The task.
Go to the line holding "100 шт Деревянные" in the data below and repeat it exactly, then each line after it up to and including the one holding "Очень милые и". Omit pictures.

Available data.
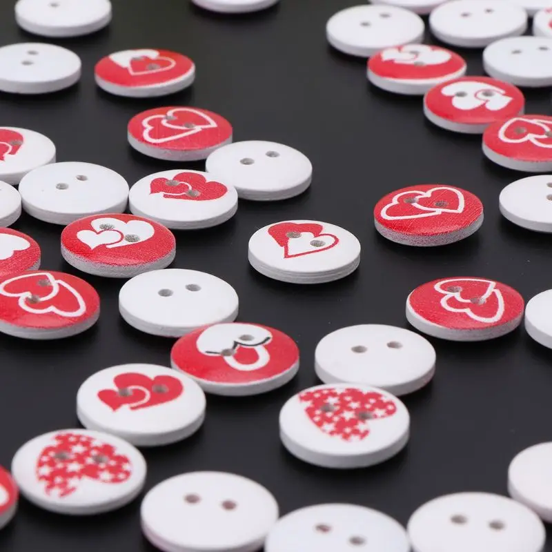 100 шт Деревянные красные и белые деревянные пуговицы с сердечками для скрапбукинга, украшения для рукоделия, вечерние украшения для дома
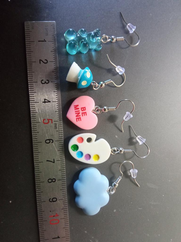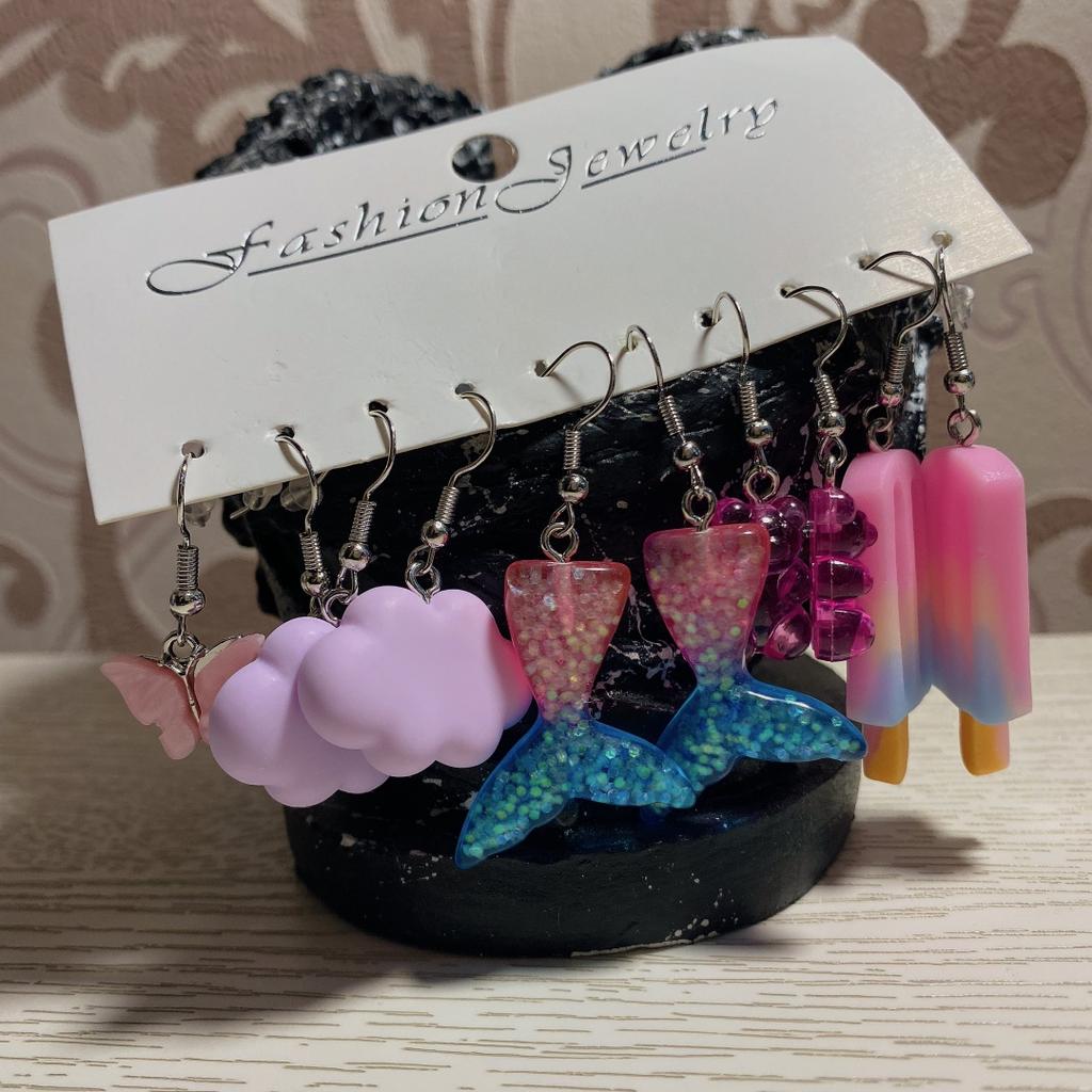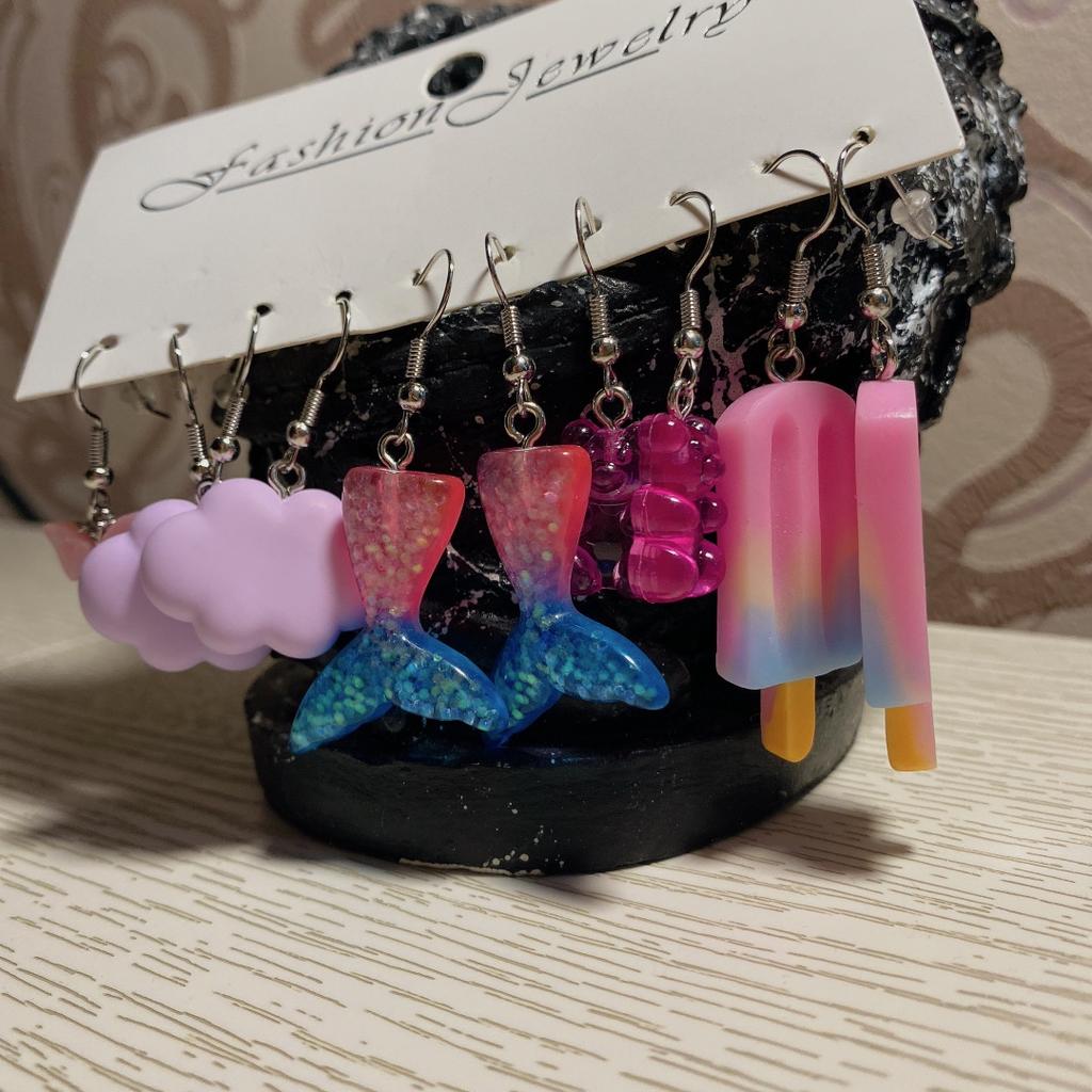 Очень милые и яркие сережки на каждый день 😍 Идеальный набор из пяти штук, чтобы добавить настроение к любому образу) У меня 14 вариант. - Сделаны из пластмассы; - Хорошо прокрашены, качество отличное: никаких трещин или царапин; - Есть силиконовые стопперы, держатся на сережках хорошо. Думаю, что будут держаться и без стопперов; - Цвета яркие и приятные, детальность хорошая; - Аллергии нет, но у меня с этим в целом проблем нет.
--
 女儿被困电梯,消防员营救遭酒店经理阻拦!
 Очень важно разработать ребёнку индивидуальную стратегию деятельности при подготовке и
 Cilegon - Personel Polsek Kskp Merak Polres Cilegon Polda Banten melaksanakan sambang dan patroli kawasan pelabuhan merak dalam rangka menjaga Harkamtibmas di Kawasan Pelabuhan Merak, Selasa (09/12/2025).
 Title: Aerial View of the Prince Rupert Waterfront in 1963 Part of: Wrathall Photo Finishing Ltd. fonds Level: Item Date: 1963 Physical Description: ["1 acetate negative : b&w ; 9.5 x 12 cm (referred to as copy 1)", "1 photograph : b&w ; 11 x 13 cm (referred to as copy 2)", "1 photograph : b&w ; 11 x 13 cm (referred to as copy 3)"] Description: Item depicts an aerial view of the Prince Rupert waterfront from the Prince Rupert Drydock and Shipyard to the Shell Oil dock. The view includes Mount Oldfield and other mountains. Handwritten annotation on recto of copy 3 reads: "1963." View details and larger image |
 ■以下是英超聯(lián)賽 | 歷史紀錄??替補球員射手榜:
--
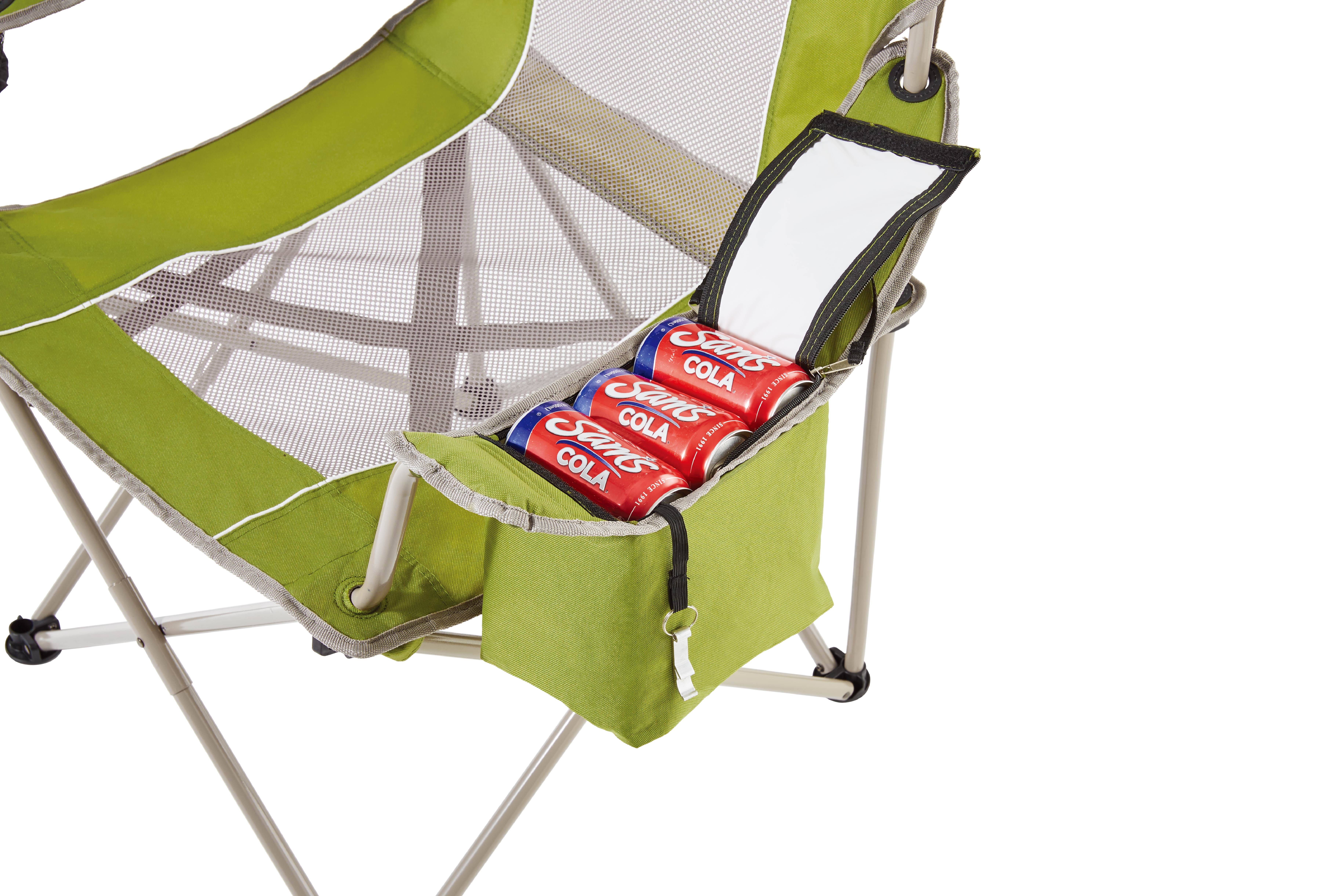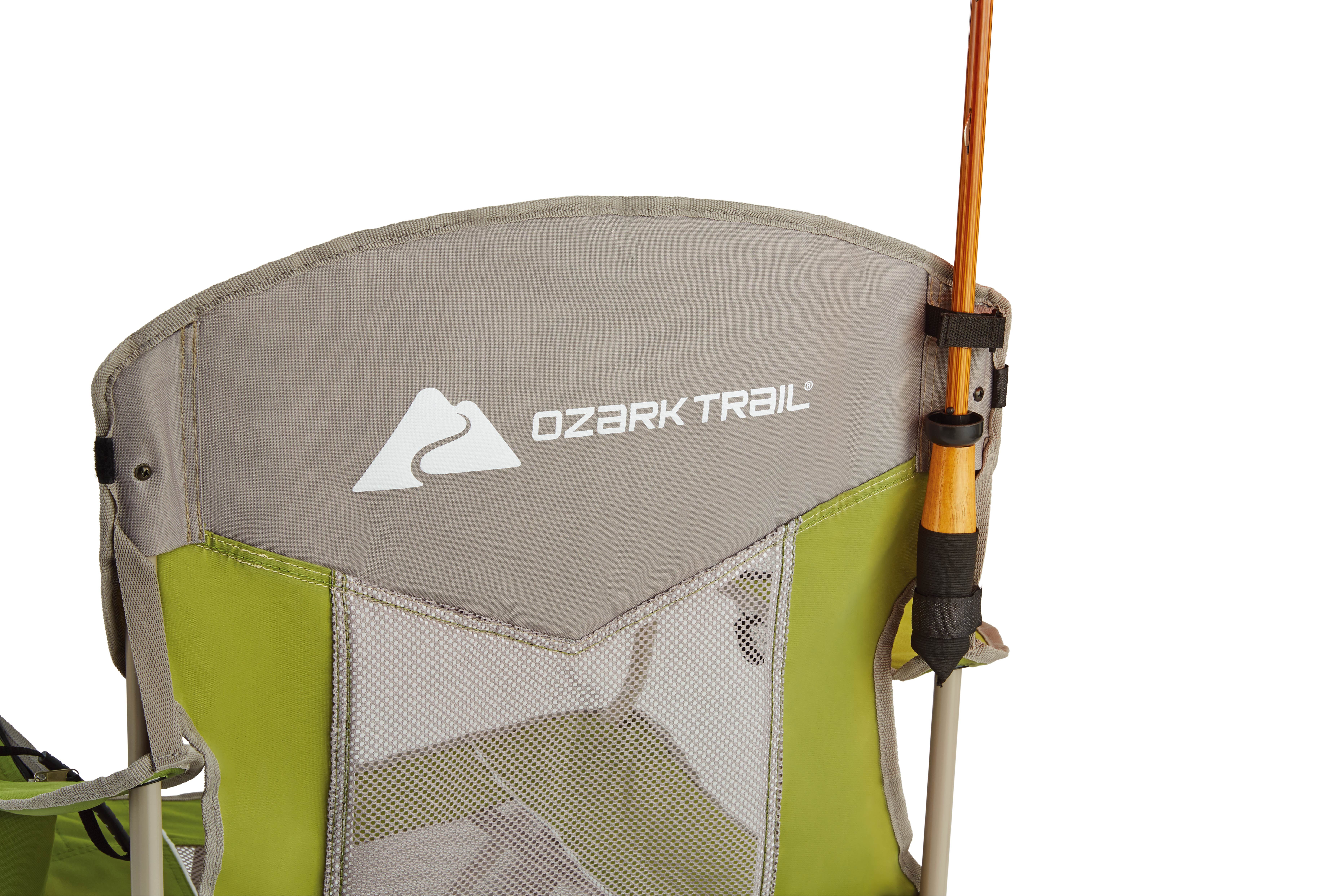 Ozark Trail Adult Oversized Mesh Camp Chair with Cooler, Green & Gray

Task answer.
 100 шт Деревянные красные и белые деревянные пуговицы с сердечками для скрапбукинга, украшения для рукоделия, вечерние украшения для дома
 Очень милые и яркие сережки на каждый день 😍 Идеальный набор из пяти штук, чтобы добавить настроение к любому образу) У меня 14 вариант. - Сделаны из пластмассы; - Хорошо прокрашены, качество отличное: никаких трещин или царапин; - Есть силиконовые стопперы, держатся на сережках хорошо. Думаю, что будут держаться и без стопперов; - Цвета яркие и приятные, детальность хорошая; - Аллергии нет, но у меня с этим в целом проблем нет.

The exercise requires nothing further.